Upon reviewing the literature, it was discovered that the studies were limited to small datasets, accuracy rate was low, the classification was made as tumor or notumor instead of multiple classification, and that the proposed approaches were not supported by explainable artificial intelligence methods to ensure their reliability. For this purpose, the proposed study developed a model that classifies a large dataset containing MRI scans for four different tumor types, and the transparency of the model was provided by visualizing which region in the image the model’s prediction was focused on with XAI. Furthermore, a hybrid model was proposed that combines the strengths of both ML and DL.
3. Materials and Methods
This paper proposes a hybrid model by developing a CNN model for brain tumor multiple classification and combining it with the XGBoost method. In addition, the result generation process of the model is made more clear and transparent with the integration of Grad-CAM. The proposed model’s block diagram is displayed in
Figure 1. A process consisting of data preparation, augmentation and preprocessing, building the CNN model and feature extraction, classification of the extracted features with XGBoost and explanation of the classification decisions with Grad-CAM is proposed.
3.1. Dataset and Preprocessing
In this study, a publicly accessible dataset was acquired from kaggle.com by merging images from the Br35H, SARTAJ, and figshare datasets [
25]. Each image is a 512 × 512 jpeg file. The dataset includes MRI scans of glioma, meningioma, notumor and pituitary brain tumor types. The dataset contains 7023 images in total, consisting of 1311 test data and 5712 training data. The number of training and test MRI images for each class is detailed in
Table 1.
Figure 2 shows sample images for each class in the dataset.

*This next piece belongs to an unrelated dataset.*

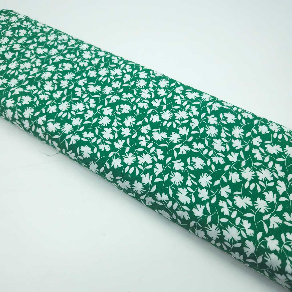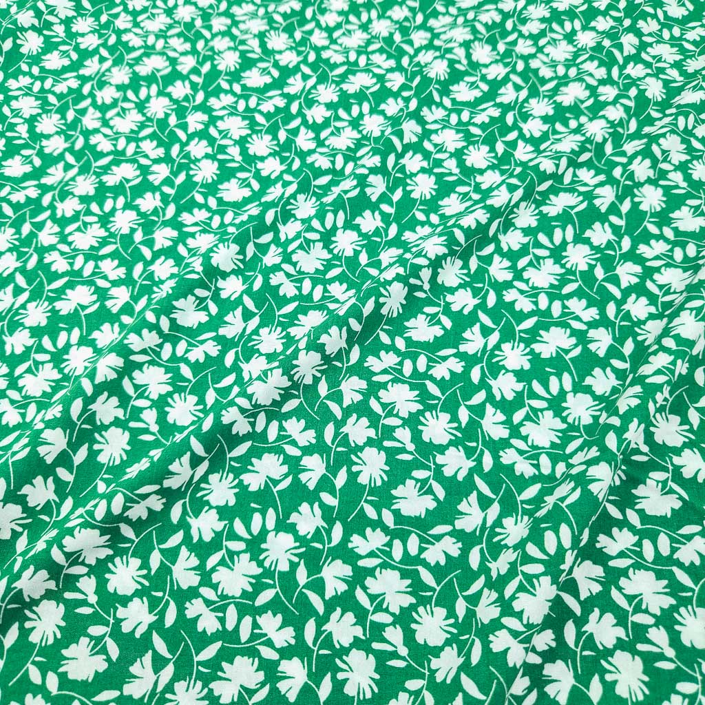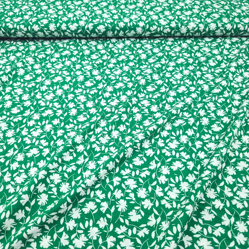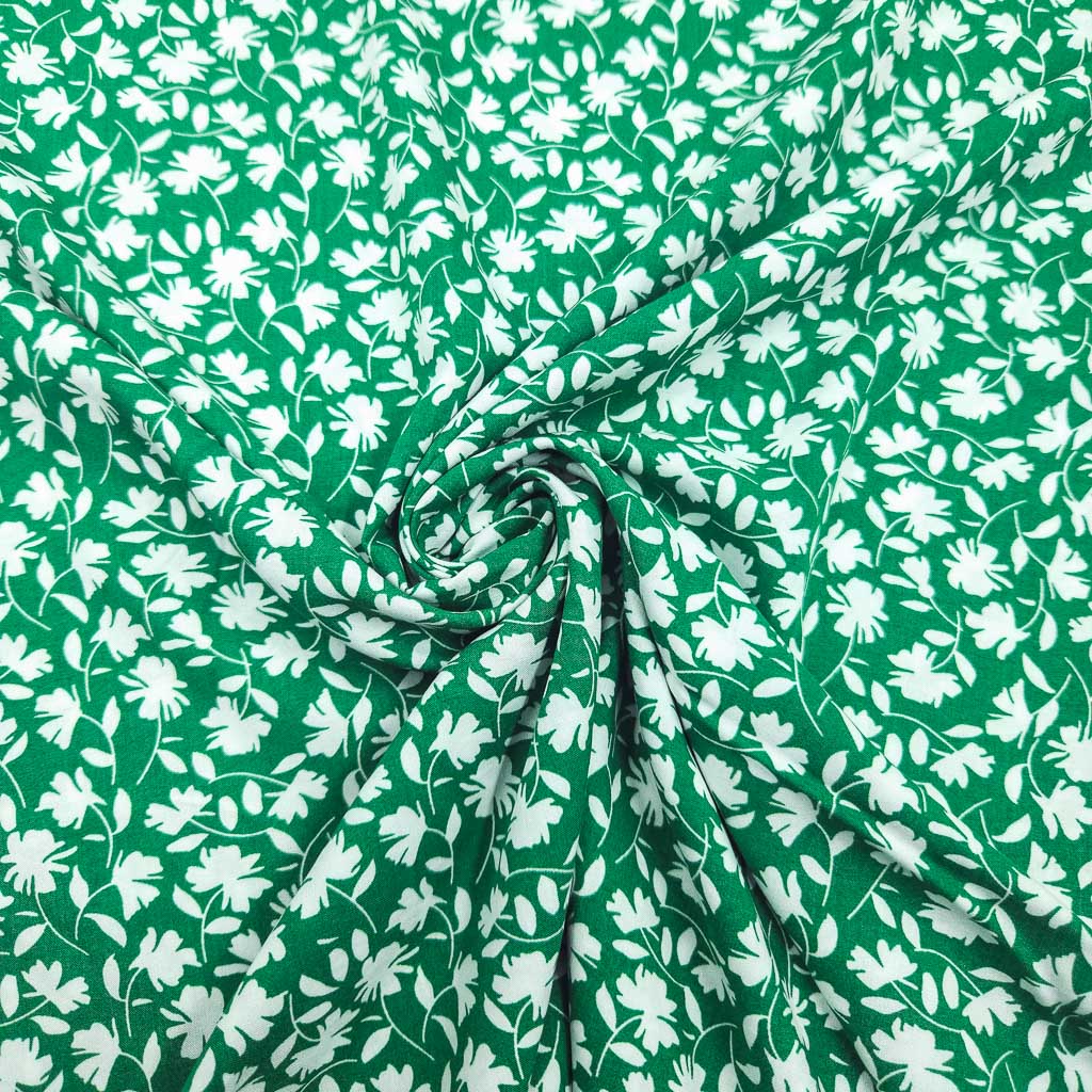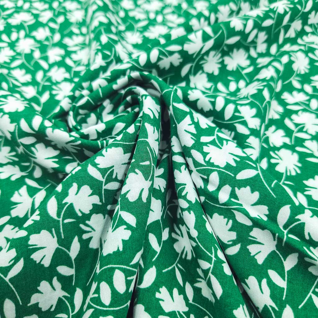 Viskose – Blumen Grün/Weiss – ein leichter, weich fallender Viskose-Stoff, der sich wunderbar auf der Haut anfühlt. Das grüner Grund mit weißen Blumenranken verleiht deinen Nähideen eine besondere Note – ideal für feminine Looks mit viel Bewegung. Dieser Stoff ist Oeko-Tex Standard 100 zertifiziert und damit eine schöne Wahl für dich und deine Liebsten. ✂️💐

Before using the dataset to train the CNN model, data augmentation and preprocessing steps were applied. First, the TensorFlow/Keras library’s ImageDataGenerator class was used to apply a variety of data augmentation techniques to the training data. Images were zoomed (zoom_range = 0.2), rotated at random angles (rotation_range = 20), horizontally flipped (horizontal_flip = True), shifted (shear_range = 0.2) and vertically and horizontally shifted (height_shift_range = 0.2, width_shift_range = 0.2) with the given parameter values. With the fill_mode = ’nearest’ parameter, newly formed pixels were filled with the value of their nearest neighbors. In this manner, the diversity of the training data was expanded, it was ensured that more images were used for training and the model’s generalization ability was strengthened. No augmentation process was applied for the test data. Then, preprocessing steps were applied to provide better performance by making both the training and test data suitable for the model. Resizing the images (128 × 128), transforming grayscale images to RGB images (128 × 128 × 3), and normalizing the pixel values to the range of 0–1, are the preprocessing techniques used. Lastly, 20% and 80% of the dataset, respectively, are divided for validation and training.
3.2. Proposed Model
The proposed hybrid model is a three-stage process: feature extraction with a customized CNN model, classification with XGBoost, and explainability of classification predictions with Grad-CAM.
3.2.1. Feature Extraction
Features are extracted with the developed CNN architecture and images are classified based on these features with XGBoost. For this purpose, the last dense layer of the CNN architecture that performs classification is removed and the features obtained from other layers are given to XGBoost as input. The classification success depends on the features extracted from the CNN model. Therefore, a CNN model that extracts features in a way that provides high classification accuracy has been developed. To understand the contribution of replacing the CNN’s fully connected layer with XGBoost, an ablation study was conducted. According to the results of the ablation study, when only CNN was used, the model achieved 97.80% accuracy. When the fully connected layer and XGBoost were added to CNN, the accuracy increased to 98.73%. However, the highest accuracy value of 99.77% was obtained from the model where only CNN and XGBoost were used together. The results show that the highest performance is achieved with the proposed system architecture and that high-level semantic information is preserved and further utilized effectively. Although the performance of the CNN model is improved by stacking the fully connected layer outputs with XGBoost, the most successful results are obtained with the proposed model.
In
Figure 3, the proposed CNN model architecture is displayed. The model consists of three convolution layers (Conv2D) with 32, 64 and 128 filters. Each layer uses a 3 × 3 kernel size and the ReLU activation function. While lower-level feature information is extracted with the first convolution layer, more complex patterns and features are extracted with the following convolution layers. After each convolution layer, 2 × 2 MaxPooling is implemented to decrease the computational load by reducing the feature maps’ dimensions and to increase the model’s ability for generalization. The risk of overfitting is reduced by applying a 0.3 dropout after convolution layers and a 0.5 dropout after fully connected layers. The multidimensional feature maps created by the convolution layers are converted to a one-dimensional vector with the flatten layer and transferred to fully connected layers (dense layers). These layers employ the ReLU activation function and have 256 and 128 neurons. The model can compute probabilities between four classes thanks to the last layer’s 4-neuron output layer with a softmax activation function. However, this last layer was removed when combining with XGBoost.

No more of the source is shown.